The 203 is the degrees of freedom (df). The 2.69 is the t-value (note that I removed the sign, as it’s not important), and the p-value being less than 0.05, I just put < 0.05, rather than the exact number.
Paired Samples t-test
Up till now we’ve always had two independent groups. For example males and females.
Sometimes, you want the same people to sit through two different conditions. This is called a paired sample design.
Why would you want to do that? Well, when you have two independent samples you introduce unsystematic error due to e.g., individual differences (you may have placed more people with higher fluctuations of blood sugar in one of the groups, which will be a significant confounder). With paired sample designs you get rid of this error, since it’s the same people used twice.
Paired sample designs are more statistically powerful than independent samples designs (i.e., if there is an effect, you are more likely to find it, or if you prefer, you are more likely to cross the 0.05 significance threshold). The also required less data. However, they are harder to work with as well, since you need to bring participants in twice. You also need to control for any lingering or learning effects by splitting the group so that half do session 1 first, and half do session 2 first, before switching them around.
The assumptions of paired samples t-tests are different. We won’t be covering those in this course, so you don’t need to worry about them.
Interpreting paired samples t-tests
We interpret the test in the exact same way as with the independent samples. Check the p-value and if it is under 0.05, then reject the null hypothesis.
Effect sizes
Note that the p-value is simply a probability of the difference in means occurring under the null hypothesis. It tells us absolutely nothing about how meaningful this difference is.
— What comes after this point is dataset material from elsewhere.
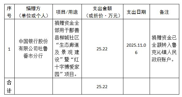 2025年11月6日,中国银行股份有限公司吐鲁番市分行向吐鲁番市红十字会捐款人民币25.22万元,已按定向捐款协议将捐款通过鄯善县红十字会账户全额拨付到鄯善县鲁克沁镇人民政府账户。

For example, if school A that has adopted a new learning curriculum ends up with average scores of 100 in some test, while school B ends up with 98, the difference may be significant (if the sample size is larger enough, the standard deviation small enough), but the difference is not very meaningful.
The way to check the meaningful distance between the two means is by using Cohen’s D. Cohen’s d is a simple calculation that can be done by hand if you want:
The d-statistic will tell us how large the effect size is, usually small being 0.2, medium being 0.5, and large being 0.8.
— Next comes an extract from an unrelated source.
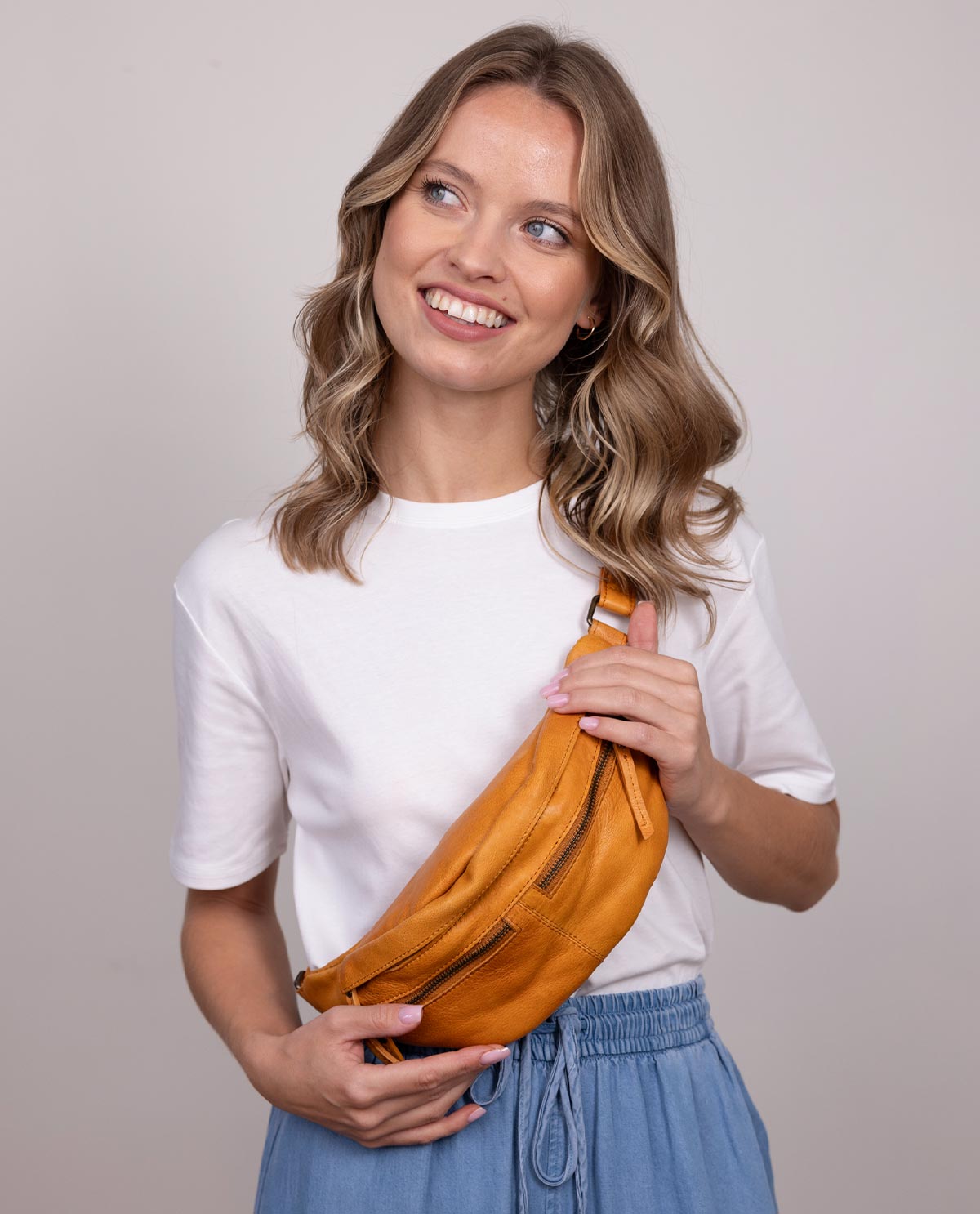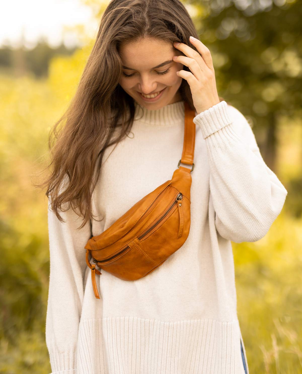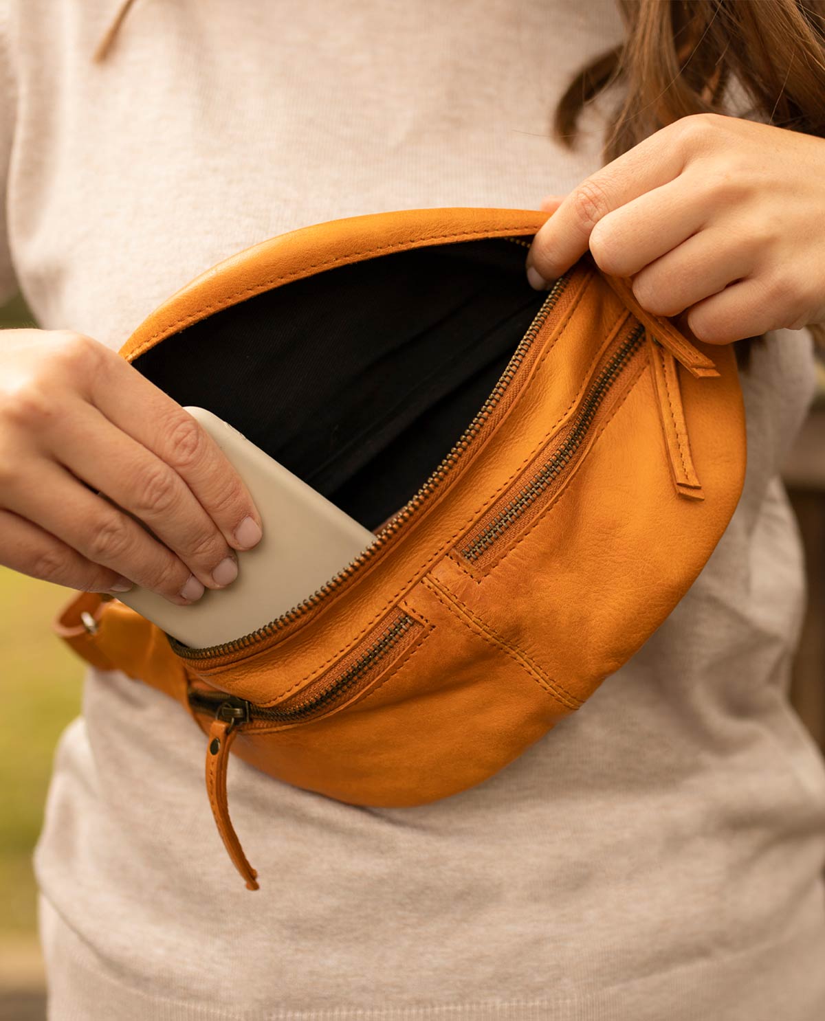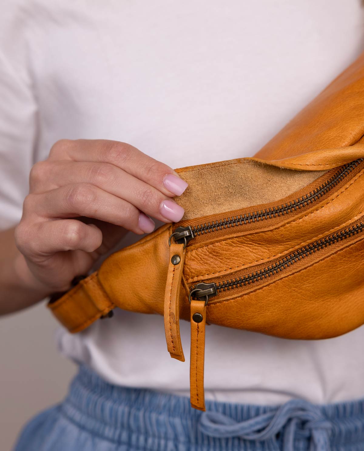 Are you looking for a cool belt bag that you can wear during festival season? Something handy where you can keep snacks or your essentials? Then “Acton” is exactly what you've been looking for! This cool vintage bag is made from sturdy cowhide leather and always looks good. There's plenty of space in the large main compartment for your belongings. You'll find two zipped pockets on the front of the bag where you can keep your essentials. Bring on Coachella! But that's not all... This spacious belt bag can be used all year round. Keep your wallet, keys and phone safe at concerts during the winter months.

I will show you how to do this in the workshop using software, but for now all you need to know is that p-values should not be used as measures of effect size.
Exercises
Question 1
What are the assumptions that need to be met in order for independent samples t-tests to work properly?
Question 2
What is the difference between a one-tailed and a two-tailed test?
Question 3
Is a one-tailed test more, or less conservative than a two-tailed test? Why is that?
Question 4
Maria wants to examine whether employee satisfaction with the legacy payroll system is less than with the new and shiny online web-based system. Let’s call the legacy system A and the new system B. Formulate the null and alternative hypotheses.
Question 5
Maria wants to increase the statistical power of her test, as well as reduce the amount of participants she will need. Should she use two sample or paired sample design?
Question 6
Maria ends up using a two sample (independent samples) design. She chooses to use a t-test (possibly wrongly, as satisfaction is usually an ordinal variable, but let’s ignore this for the sake of this exercise). She reports that t(258) = 2.59, p < 0.05. Did Maria find enough evidence to support her hypothesis? Why?
Question 7
Let’s examine the output from Maria’s t-test again.
t(258) = 2.59, p < 0.05
What is the t-value, what are the degrees of freedom, what is the p-value?
Question 8
Maria wants to make her test more conservative and changes the significance threshold from 0.05 to 0.01. Her p-value was actually 0.02. Did she still find evidence to support her hypothesis given her new significance threshold?
Question 9
Maria used Cohen’s d and found d = 0.3. How large is the effect of the IV on the DV?